### Work to be completed
What is needed is an exact copy of the data below, pictures excluded.

### Given material
▼

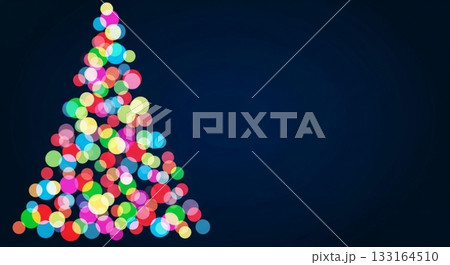 カラフルな光の粒で描かれたクリスマスツリーの幻想的なシルエット背景イラスト
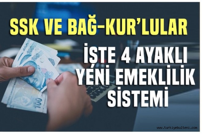 Son dakika haberleri...Türkiye'de yeni yılla birlikte SSK ve Bağ-Kur'luları yakından ilgilendiren emeklilik sisteminde köklü değişiklikler olacak. Yeni sistemde primler eşitlenerek standart bir uygulmaya geçilecek. EYT yasası ile birlikte de yeni mağduriyetler olmadan sorun çözülecek.
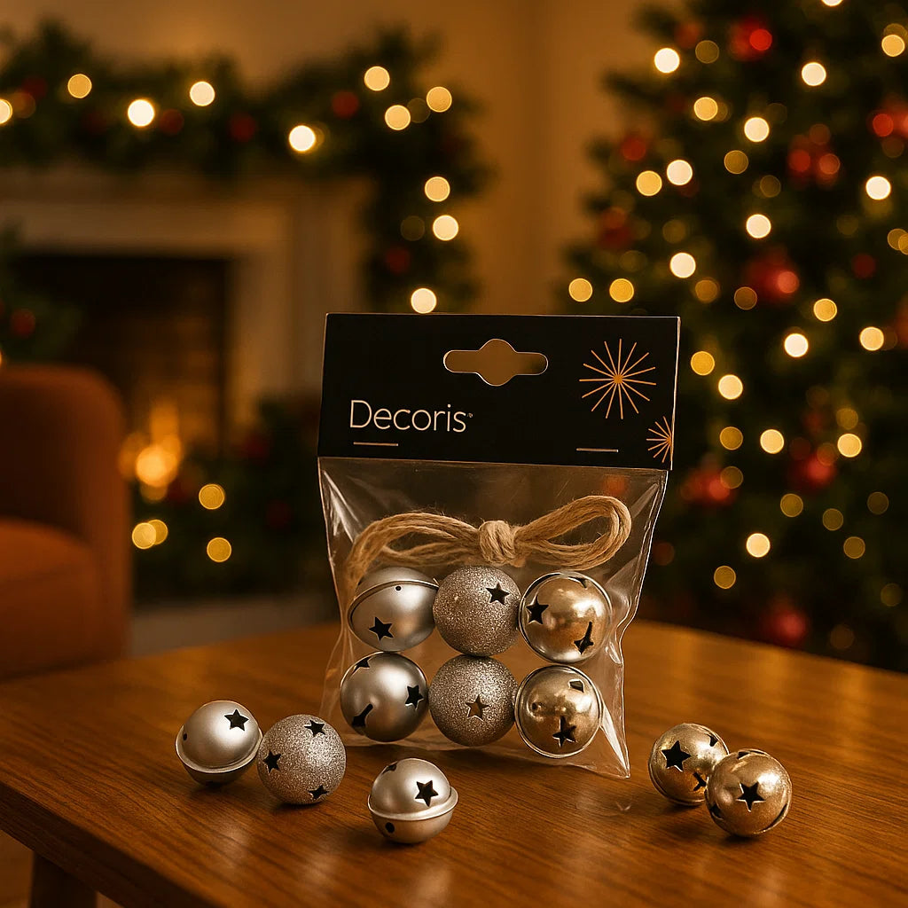 Le palline sono caratterizzate da un aspetto scintillante grazie alla presenza di glitter, che le rende ancora più accattivanti e luminose quando colpite dalla luce. Ogni pallina è dotata di una campanella che produce un suono delicato quando viene mosso o quando l'albero è accarezzato dalla brezza, aggiungendo un tocco sonoro al piacevole aspetto visivo.

▲

### Reply
 カラフルな光の粒で描かれたクリスマスツリーの幻想的なシルエット背景イラスト
 Son dakika haberleri...Türkiye'de yeni yılla birlikte SSK ve Bağ-Kur'luları yakından ilgilendiren emeklilik sisteminde köklü değişiklikler olacak. Yeni sistemde primler eşitlenerek standart bir uygulmaya geçilecek. EYT yasası ile birlikte de yeni mağduriyetler olmadan sorun çözülecek.
 Le palline sono caratterizzate da un aspetto scintillante grazie alla presenza di glitter, che le rende ancora più accattivanti e luminose quando colpite dalla luce. Ogni pallina è dotata di una campanella che produce un suono delicato quando viene mosso o quando l'albero è accarezzato dalla brezza, aggiungendo un tocco sonoro al piacevole aspetto visivo.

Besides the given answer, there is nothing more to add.